Through the Great Futures Fund, 13 Club members have enrolled at the University of Washington Tacoma— four in the first year and nine this year. The goal over the next three to four years is to bring in class cohorts of up to 40 students, which translates into 160 students on campus at one time, Howard says. He points out that the total number of Boys & Girls Club students will always be much higher than those involved in this program because of other scholarship and mentoring programs in place at the University. “Our campus is called an urbanserving campus. We serve the community.

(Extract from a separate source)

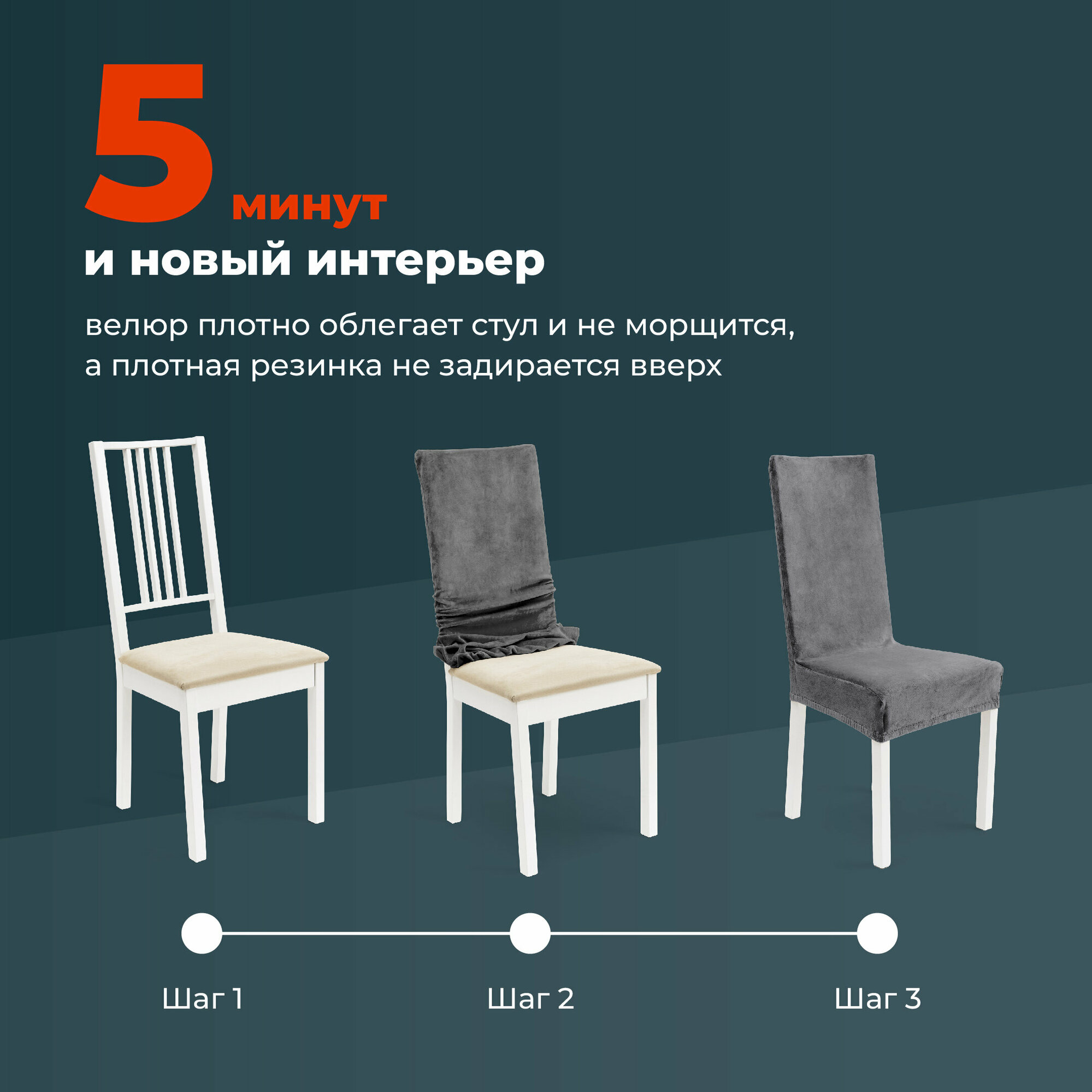 Чехлы на стулья со спинкой для кухни, Birdhouse, Универсальная накидка на стул кухонный, Комплект 4 шт., Темно-серый

The fact that our students can do internships and get exposure on campus as well as working at the Club—something they have a passion about—and they learn soft skills, is something we really cherish; it’s one of the priorities of our institution,” Howard says. Learning soft skills that are transferable in employment is an important component of the Great Futures Fund program, he says. “If you look at the internships with Boys & Girls Clubs, our students are learning how to communicate with diverse populations, how to develop programs, conduct assessments of both themselves and the programs they’re working in; they’re learning budget management and interpersonal and cultural skills that they probably would not have gotten if they weren’t part of this program. All of these are soft skills they’re looking for in the corporate world.” The Great Futures Fund Program is a model for communities across the country, Howard says. “The most important thing from our perspective,” he says, “is to build a college-going culture, and if we can build a college-going culture here in South Puget Sound, you can build it in the Bronx or in the Plains or in the Mississippi Delta.”● Janet Edwards is the editor of INSIGHT Into Diversity.